On 10-Sep-06, at 5:57 AM, David Gerard wrote:
On 10/09/06, Amgine amgine@saewyc.net wrote:
And, of course, [[WP:LIVING]] has pretty much from its creation said what you're asking for here: facts in the article need to be relevant to the subject's notability.
No, actually. To give an example of what I mean: [[Tom DeLay]]
Then that's an example of an existing policy not being followed. I don't see that adding more policy will make it be followed more. (c.f. [[m:Instruction creep]].)
I suggest that one needs to convince people that (a) this policy is a good idea (b) to do the hard work to make sure it's followed and *reasonably easy* to follow. I think we have (a), we're working on (b).
Well, that particular example was rather extreme, but so far as I can tell the vast majority of [[Tom DeLay]] would still be accepted under [[WP:LIVING]]. And with all due respect to Mr Wales's opinion, Wikipedia is an encyclopedia and not a library of full human biographies (which might possibly be accepted under Wikibooks.)

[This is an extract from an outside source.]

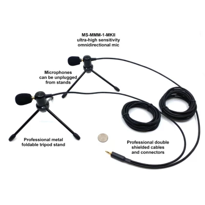 The MS-MMM-1-MKII professional microphone is a very small, one piece ultra-high gain, ultra-high sensitivity, ultra-low noise microphone that can be plugged into any steno machine, digital recorder or standard computer microphone input jack. The microphone is very small, measuring about 1.25″ long. Included is our best folding tripod. Simply plug the mic into the tripod and you are ready to go!

Perhaps [[WP:LIVING]] could be altered to provide specific guidelines for notability (such as the Florida Public Persons judicial test, as previously suggested) as well as criteria for maximum information to be included. No BLP needs to have blow-by-blow, week-by-week, examinations of every possible legal or publicity scandal. Court decisions, indictments, or other publicly verifiable (NOT newspaper reporting) should certainly be includable, but "politician was visited by lobbyist So-and-so who was later indicted for corruption" is clearly innuendo and irrelevant.
I don't think you have clear enough guidelines to reach (b).